Instructions for the task.
How do the lines read from the one holding "MIMMO PALADINO(1948)Sguardo a" through the last line of the listing? Set them down exactly, pictures omitted.

Dataset extract.
=== Section Start ===

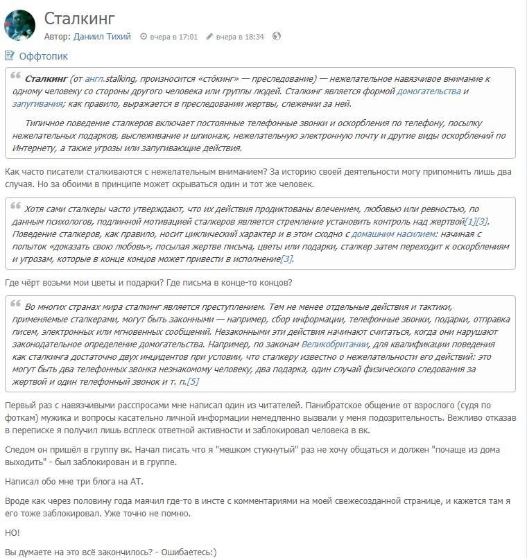 Тем же днём он публикует пост обо мне. Пост ОБО МНЕ!! Я в восторге. Мой любимый автор в своём собственном блоге пишет ОБО МНЕ...
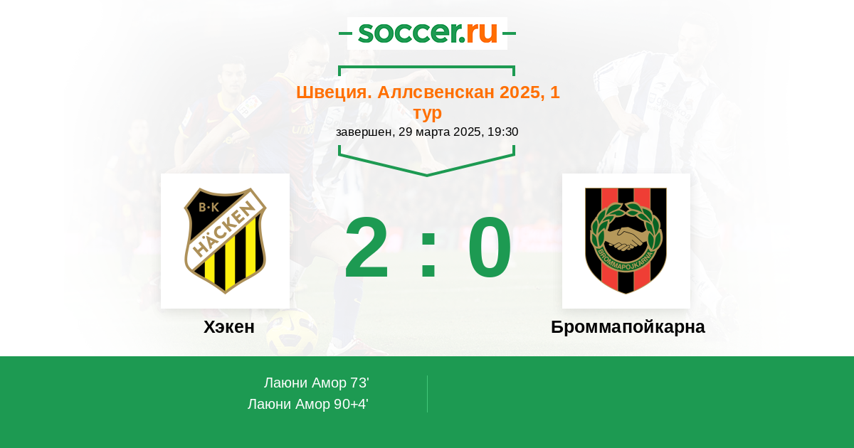 Протокол матча Хэкен против Броммапойкарна
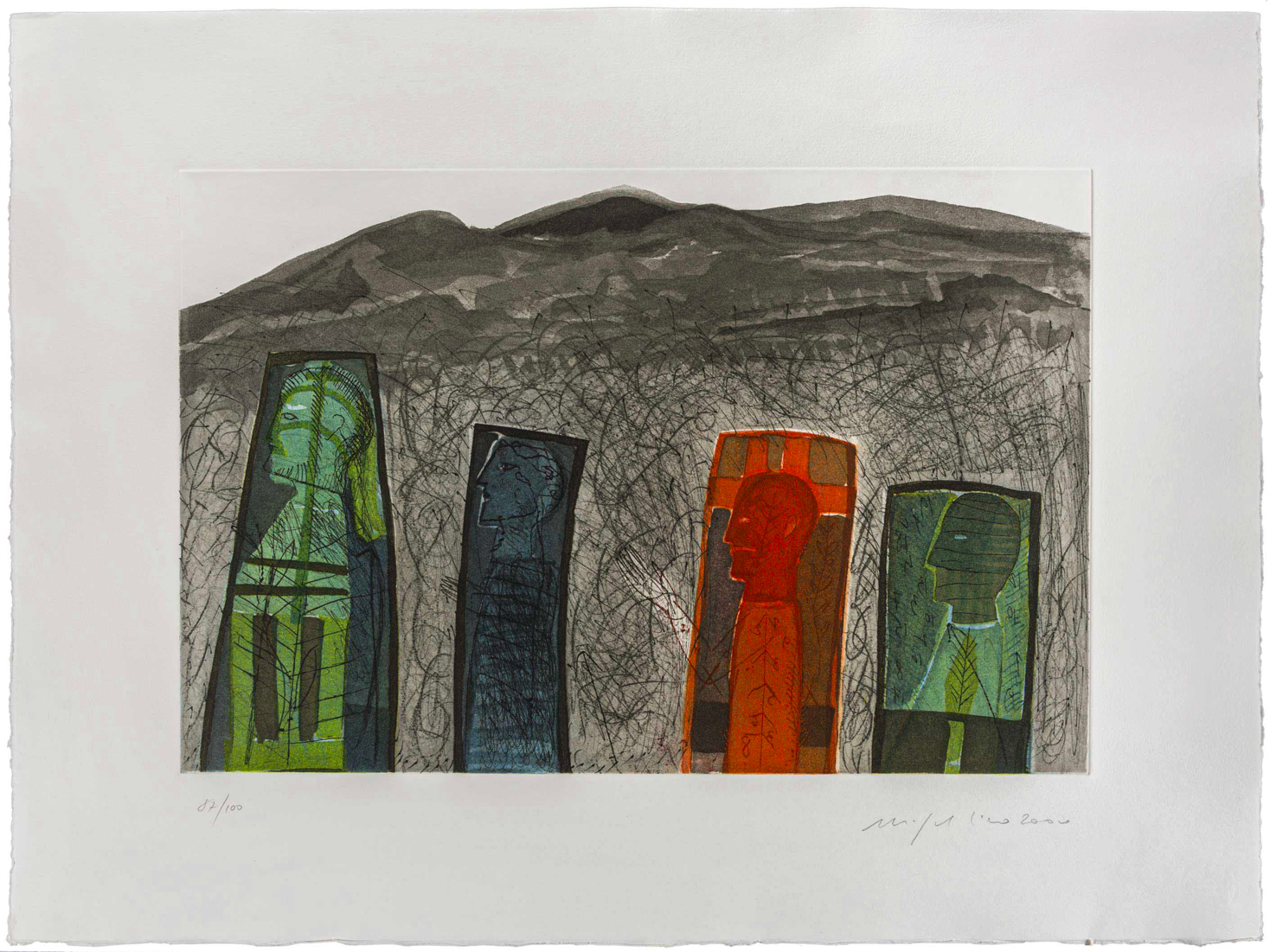 MIMMO PALADINO(1948)Sguardo a destra2000Acquaforte e acquatinta a colori su carta, es. 87/10039 x 59 cm (lastra)60 x 81 cm (foglio)Firmata e datata a matita in basso a destra, numerata in basso a sinistra
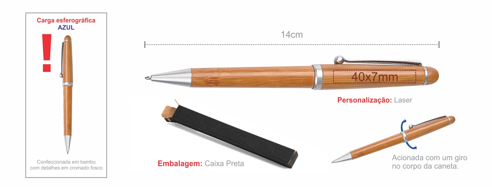 Confeccionada em Bambu ecológico com detalhes em cromado fosco, possui carga esferográfica azul. É acionada com um giro no corpo da caneta.

=== Section End ===

Result of this task.
 MIMMO PALADINO(1948)Sguardo a destra2000Acquaforte e acquatinta a colori su carta, es. 87/10039 x 59 cm (lastra)60 x 81 cm (foglio)Firmata e datata a matita in basso a destra, numerata in basso a sinistra
 Confeccionada em Bambu ecológico com detalhes em cromado fosco, possui carga esferográfica azul. É acionada com um giro no corpo da caneta.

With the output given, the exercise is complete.